HOW TO COMPLETE THIS TASK: Please output exactly the lines below, starting at the line that has "Web ID: 23541889The" and ending at the line that has "完全メシ(汁なしカップヌードル) | ベース焼きそば(魚介醤油) |", both included; leave out all pictures and include nothing else.

DATA TO EXAMINE:
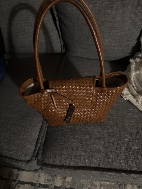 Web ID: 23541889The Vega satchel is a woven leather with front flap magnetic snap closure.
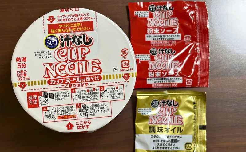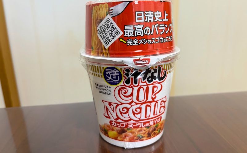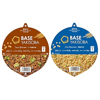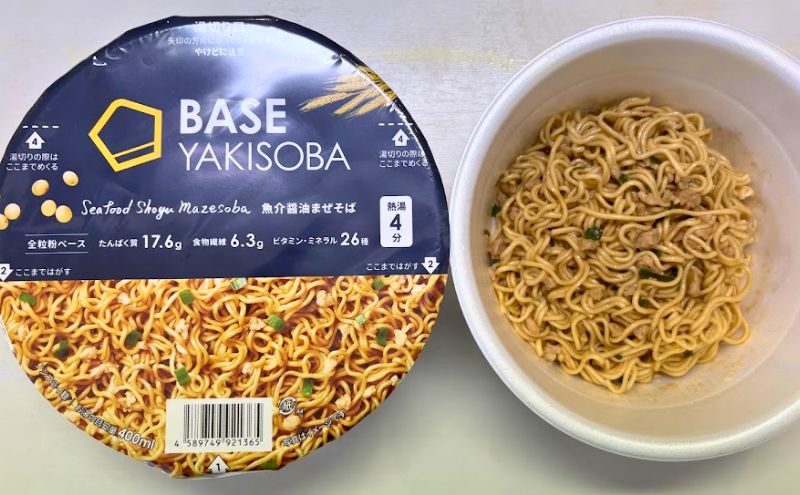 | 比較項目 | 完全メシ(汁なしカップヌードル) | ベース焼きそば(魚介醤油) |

...

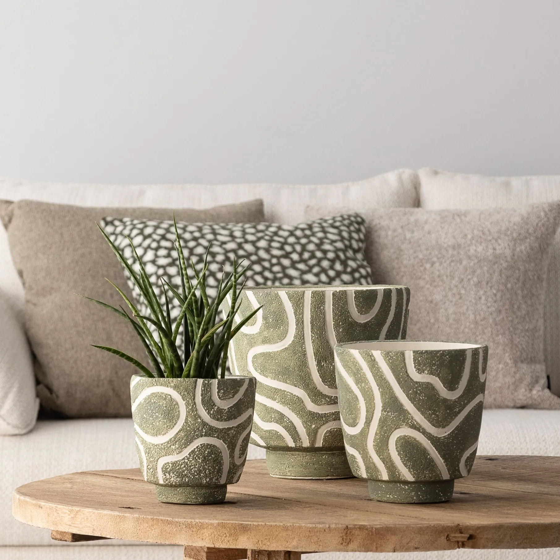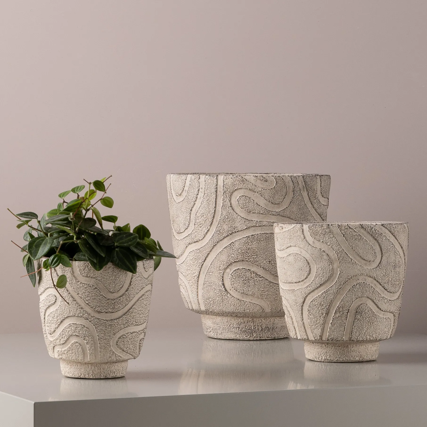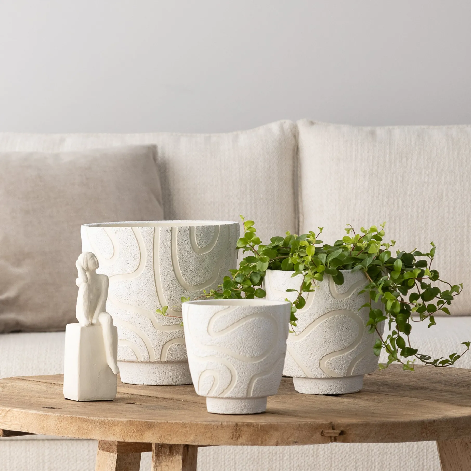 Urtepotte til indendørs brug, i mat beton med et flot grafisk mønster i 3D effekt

ANSWER BELOW:
 Web ID: 23541889The Vega satchel is a woven leather with front flap magnetic snap closure.
 | 比較項目 | 完全メシ(汁なしカップヌードル) | ベース焼きそば(魚介醤油) |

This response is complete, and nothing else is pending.